(Exercise inputs begins)

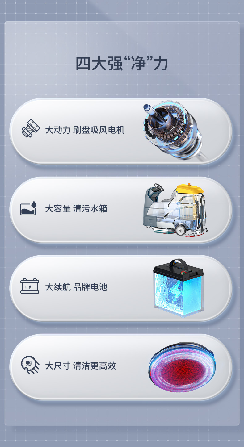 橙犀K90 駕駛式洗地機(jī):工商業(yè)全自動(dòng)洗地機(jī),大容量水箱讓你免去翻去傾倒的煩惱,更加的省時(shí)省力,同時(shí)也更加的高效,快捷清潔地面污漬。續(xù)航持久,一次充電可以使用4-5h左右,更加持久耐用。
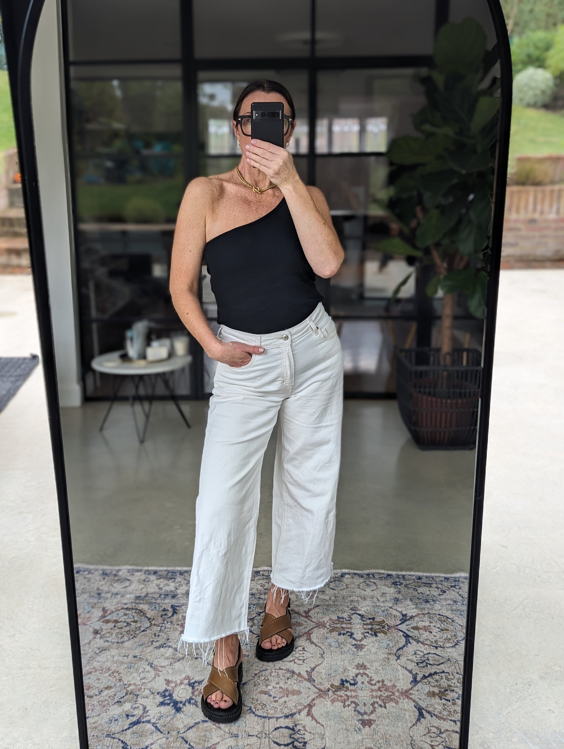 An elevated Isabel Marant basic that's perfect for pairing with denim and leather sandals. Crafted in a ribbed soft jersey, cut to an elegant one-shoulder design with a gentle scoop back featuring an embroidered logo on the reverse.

(Exercise inputs ends)
(Exercise inputs begins)

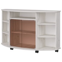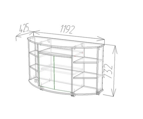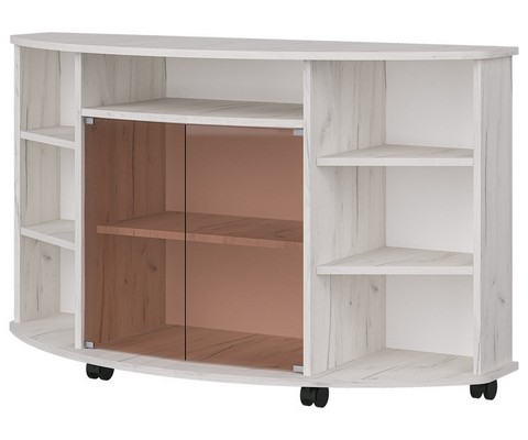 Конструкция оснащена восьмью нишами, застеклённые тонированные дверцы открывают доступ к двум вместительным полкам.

(Exercise inputs ends)

_What the exercise asks_
In the listing above, find the line holding "橙犀K90 駕駛式洗地機(j" and the line holding "An elevated Isabel". Reproduce those two lines and all between them exactly, leaving out pictures.

_Result of this exercise_
 橙犀K90 駕駛式洗地機(jī):工商業(yè)全自動(dòng)洗地機(jī),大容量水箱讓你免去翻去傾倒的煩惱,更加的省時(shí)省力,同時(shí)也更加的高效,快捷清潔地面污漬。續(xù)航持久,一次充電可以使用4-5h左右,更加持久耐用。
 An elevated Isabel Marant basic that's perfect for pairing with denim and leather sandals. Crafted in a ribbed soft jersey, cut to an elegant one-shoulder design with a gentle scoop back featuring an embroidered logo on the reverse.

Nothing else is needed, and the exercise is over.